***** Listed records

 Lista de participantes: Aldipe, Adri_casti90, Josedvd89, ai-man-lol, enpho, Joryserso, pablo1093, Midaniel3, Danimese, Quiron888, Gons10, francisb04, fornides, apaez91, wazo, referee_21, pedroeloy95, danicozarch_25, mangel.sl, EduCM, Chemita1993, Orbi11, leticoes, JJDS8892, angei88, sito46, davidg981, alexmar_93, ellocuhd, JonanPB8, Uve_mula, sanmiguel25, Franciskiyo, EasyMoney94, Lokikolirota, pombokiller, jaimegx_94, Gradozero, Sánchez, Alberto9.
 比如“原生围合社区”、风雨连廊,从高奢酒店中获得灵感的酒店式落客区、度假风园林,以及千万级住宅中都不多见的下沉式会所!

**********
***** Listed records

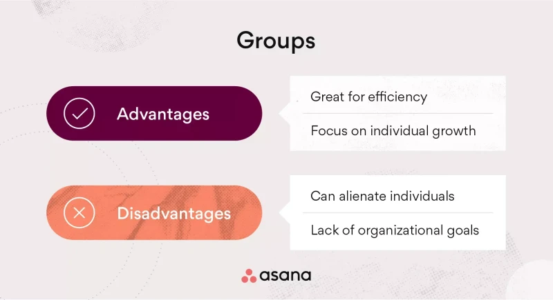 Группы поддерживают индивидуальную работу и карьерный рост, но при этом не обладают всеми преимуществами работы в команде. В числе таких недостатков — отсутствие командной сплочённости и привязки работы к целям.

**********
***** Listed records

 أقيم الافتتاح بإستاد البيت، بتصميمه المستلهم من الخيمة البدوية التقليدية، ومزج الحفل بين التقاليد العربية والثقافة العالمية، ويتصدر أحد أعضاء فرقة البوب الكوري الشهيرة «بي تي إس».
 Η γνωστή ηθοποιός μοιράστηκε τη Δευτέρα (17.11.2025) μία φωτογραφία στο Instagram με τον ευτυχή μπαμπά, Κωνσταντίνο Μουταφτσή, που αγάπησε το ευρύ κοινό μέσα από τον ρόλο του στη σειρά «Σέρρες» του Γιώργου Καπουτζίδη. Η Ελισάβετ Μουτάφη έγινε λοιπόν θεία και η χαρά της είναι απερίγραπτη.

**********

● **Task requirements**: Copy the lines above exactly. Start with the line containing "أقيم الافتتاح بإستاد", end with the line containing "Η γνωστή ηθοποιός", and include both.

● **Exercise result**:
 أقيم الافتتاح بإستاد البيت، بتصميمه المستلهم من الخيمة البدوية التقليدية، ومزج الحفل بين التقاليد العربية والثقافة العالمية، ويتصدر أحد أعضاء فرقة البوب الكوري الشهيرة «بي تي إس».
 Η γνωστή ηθοποιός μοιράστηκε τη Δευτέρα (17.11.2025) μία φωτογραφία στο Instagram με τον ευτυχή μπαμπά, Κωνσταντίνο Μουταφτσή, που αγάπησε το ευρύ κοινό μέσα από τον ρόλο του στη σειρά «Σέρρες» του Γιώργου Καπουτζίδη. Η Ελισάβετ Μουτάφη έγινε λοιπόν θεία και η χαρά της είναι απερίγραπτη.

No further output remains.